2. Take help where it is offered. Don’t close off avenues that might help you to move forward. Anyone can help you. If they’ve succeeded, take their advice to heart. My mentor wasn’t Latin@ or a person of color; he was an older white gentleman from the South of all places. But he took the time to mentor me, to show confidence in my abilities, to take me seriously and to impart wisdom about writing, researching, and getting ahead in academia.
3. You will have to become a scholar on your own. That means that you will have to listen very carefully and you will have to be curious and you will have to set up a plan to satisfy that curiosity. Listen and ask questions, write down the names of books, critics, and theories that you should be familiar. Take the time to read, make notes and study. This is no longer about jumping through hoops. It is about transforming yourself from a student to a scholar.
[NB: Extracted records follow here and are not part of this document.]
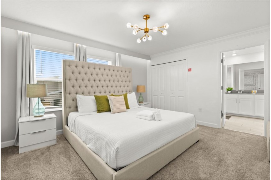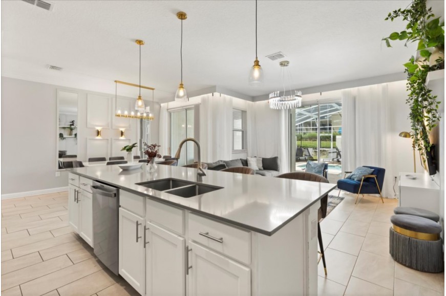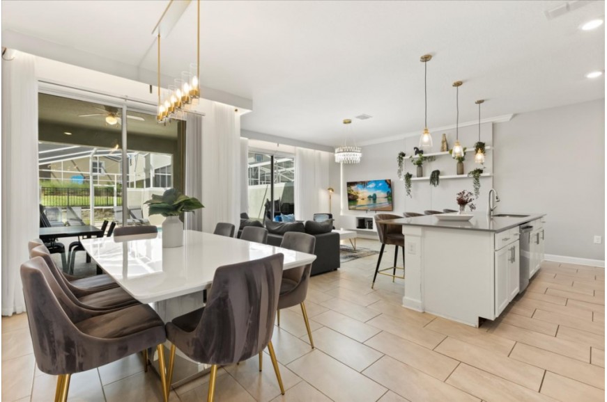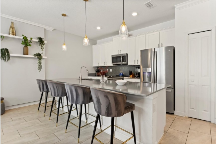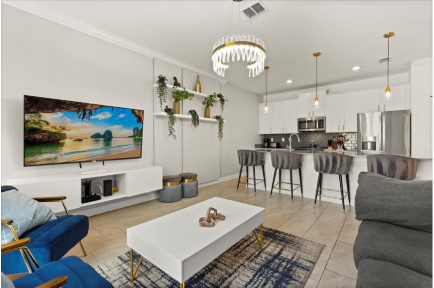 The Retreat at Champions Gate - Kissimmee, Florida is a new upscale gated resort community located just 12 miles from Walt Disney World. This townhome sits nestled just outside of Orlando, Florida, and will quickly become one of the most desired locations in the Orlando area. During your stay, you will enjoy this well-appointed home that has been designed and decorated to provide you and your family with an abundance of luxury amenities and leaves you well-equipped to vacation with all the usual items you would expect to find at home. The Retreat at Champions Gate is only a 30-minute drive from the Orlando International Airport and is situated central to all of Orlando’s famous attractions. This spacious 4-bedroom holiday villa can comfortably accommodate a larger family or group of up to 8 people.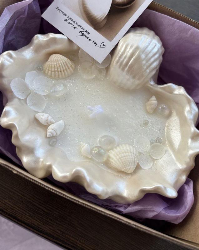 - Создание свечи-ракушки с жемчугом или сухоцветами;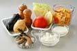 器にキャベツを盛り、エビ、ナス、ジャガイモを盛り合わせ、トマト、レモンを添える。好みでウスターソースやケチャップを掛けて下さい。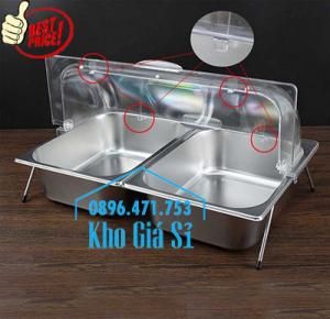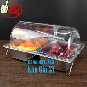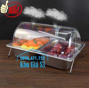 KHAY INOX 2 NGĂN CÓ NẮP ĐẬY MỞ 1/2 CHỐNG BỤI BẨN, CÔN TRÙNG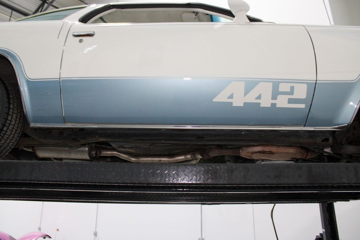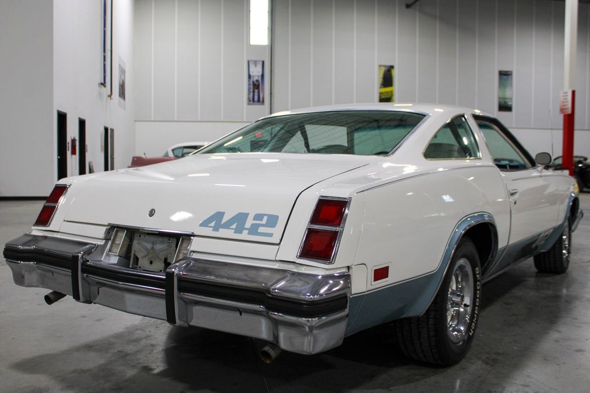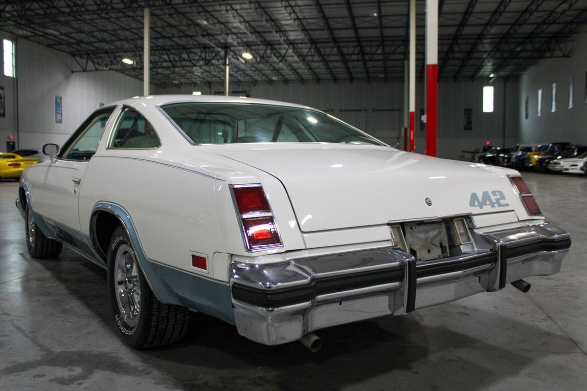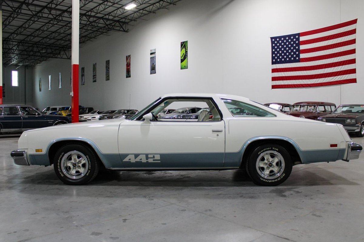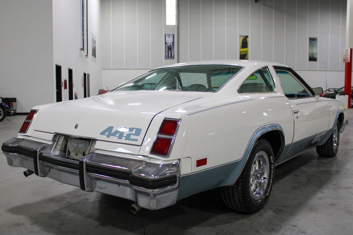 GR Auto Gallery is pleased to present this 1977 Oldsmobile Cutlass 442 Hardtop Coupe for purchase. This 442 came exceptionally well optioned with a factory 403ci V8 paired with a 350 turbo hyrdromatic transmission. The 403 was new for 1977 and was a pretty rare engine combination in the 442. This clean Olds has all the great factory features; bucket seats and console, operating heat and air conditioning, cruise control, tilt wheel, working NOS clock, rear window defroster... the list is very long and distinguished. The current owner has replaced several parts with NOS parts. The 442 even comes with a buildsheet. if you're looking for a very well maintained, and well mannered classic car, this is the car for you. Drive this one out of our showroom or have us assist with shipping it to you anywhere in the United States! Don't hesitate to give us a call with any questions or for more information.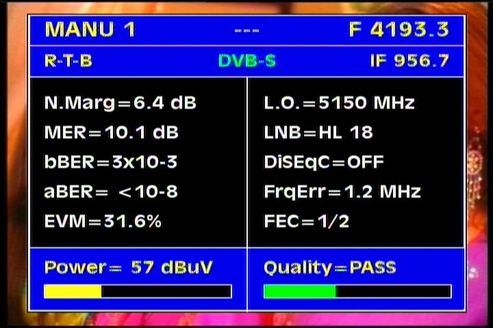 - MERp=10.7 dB _ N.MAR=7.1 dB : If we define the threshold for locking the carrier around the level of MER=2 dB
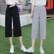 韩版春夏女士雪纺阔腿裤大码七分休闲裤薄款宽松直筒九分女裤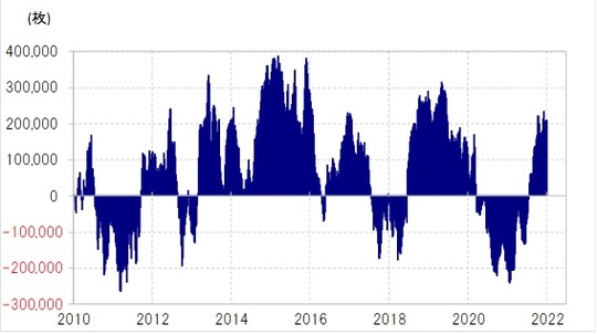 米ドルのポジションを見ると、こちらは買い越しが20万枚程度といった大幅な状況に大きな変化はなさそうです(図表6参照)。以上のように見ると、米金利の上昇に連れる形での米ドル買いの急拡大は、昨年末にかけて一部ではポジション整理があったものの、全体的にはまだ大きな変化はないのではないでしょうか。

4. Remember the sacrifices of those that have come before you. Remember what you have gone through to get where you are right now. I grew up in a neighborhood where you could be shot, where people were in very dysfunctional situations: drugs, prison, alcoholism, poverty, racism and prejudice. Always remember where you’ve come from because it will help you to keep university situations in perspective. When I was at Stanford and I had friends freaking out over papers and research projects, ready to crumble from the so-called pressure, I remembered where my people came from and what I’d already undergone, and I thought, this isn’t anything I can’t handle. I will get through this.
5. Keep your eyes on the prize. You are doing this not only for yourself, but for your family, for your community, for your people. This world is in terrible shape. And we need leaders that are thinking about more than getting ahead. We need people at the helm that understand need and injustice, and who have the will and desire to make a difference in this world, in this country, and in the barrio. You are a statistical anomaly. You are a miracle. Be a force to reckon with. Make up your mind to succeed.
I’ll leave you with this poem that inspired me throughout my education:
In order to arrive at what you do not know
You must go by a way which is the way of ignorance
In order to possess what you do not possess
You must go by the way of dispossession
In order to arrive at what you are not
You must go through the way in which you are not.